Perspective of Spark Job (23) from the Angle of physical execution 07/15 Update SLTechnology News&Howtos

Perspective of Spark Job (23) from the Angle of physical execution

2025-07-15 Update From: SLTechnology News&Howtos shulou NAV: SLTechnology News&Howtos > Internet Technology >

Shulou(Shulou.com)06/03 Report--

Think again about pipeline

Even with pipeline, function f operates on data sets in dependent RDD in two ways:

1, f (record), f acts on each record of the set, only one record at a time

2, f (records), f acts on all the data of the set at once

The adoption of Spark is the first approach for the following reasons:

1. Without waiting, you can maximize the use of computing resources in the cluster.

2. Reduce the occurrence of OOM.

3. Maximizing concurrency

4, can accurately control each Partition itself (Dependency) and its internal calculation (compute)

5. Operator flow functional programming based on lineage saves the generation of intermediate results and can be recovered as quickly as possible.

Second, think about the specific physical implementation of Spark Job

One or more Job can be generated in Spark Application. For example, when spark-shell is started by default, there is no internal Job, but as a resource allocation program, you can write code in spark-shell to generate several Job. Generally speaking, there can be different Action in ordinary programs, and each Action usually triggers a Job.

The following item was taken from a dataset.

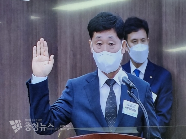 12일 오전 국가철도공단 본사에서 열린 국회 국토교통위원회 한국철도공사, 국가철도공단, 에스알 국정감사에서 정왕국 한국철도공사 사장이 선서를 하고 있다.

Spark is a more refined and efficient implementation of MapReduce. There are many different implementations of MapReduce. For example, the basic calculation flow of Hadoop's MapReduce is as follows: first, the execution of map in the concurrent execution of Mapper,Mapper with JVM as the object will produce output data, and the output data will be put into Local FileSystem through the rules specified by Partitioner, and then reduce will be executed to produce the final execution result when the input of reduce in Reducer is changed into Shuffle, Sort and Aggregate. Although the process executed by Hadoop MapReduce is simple, it is too rigid, especially when constructing complex algorithms (iterations), it is not conducive to the implementation of the algorithm, and the execution efficiency is extremely low!

The most basic core of Spark algorithm construction and physical execution: maximizing pipeline

According to the idea of Pipeline, computing begins when data is used. From the perspective of data flow, it is the flow of data to the location of computing. In essence, from a logical point of view, it is the flow of operators on the data.

From the point of view of algorithm construction: it must be the operator acting on the data, so the operator flows on the data.

From the point of view of physical execution: the flow of data to the location of the calculation

For pipeline, the location where the data is calculated is the last RDD in each stage.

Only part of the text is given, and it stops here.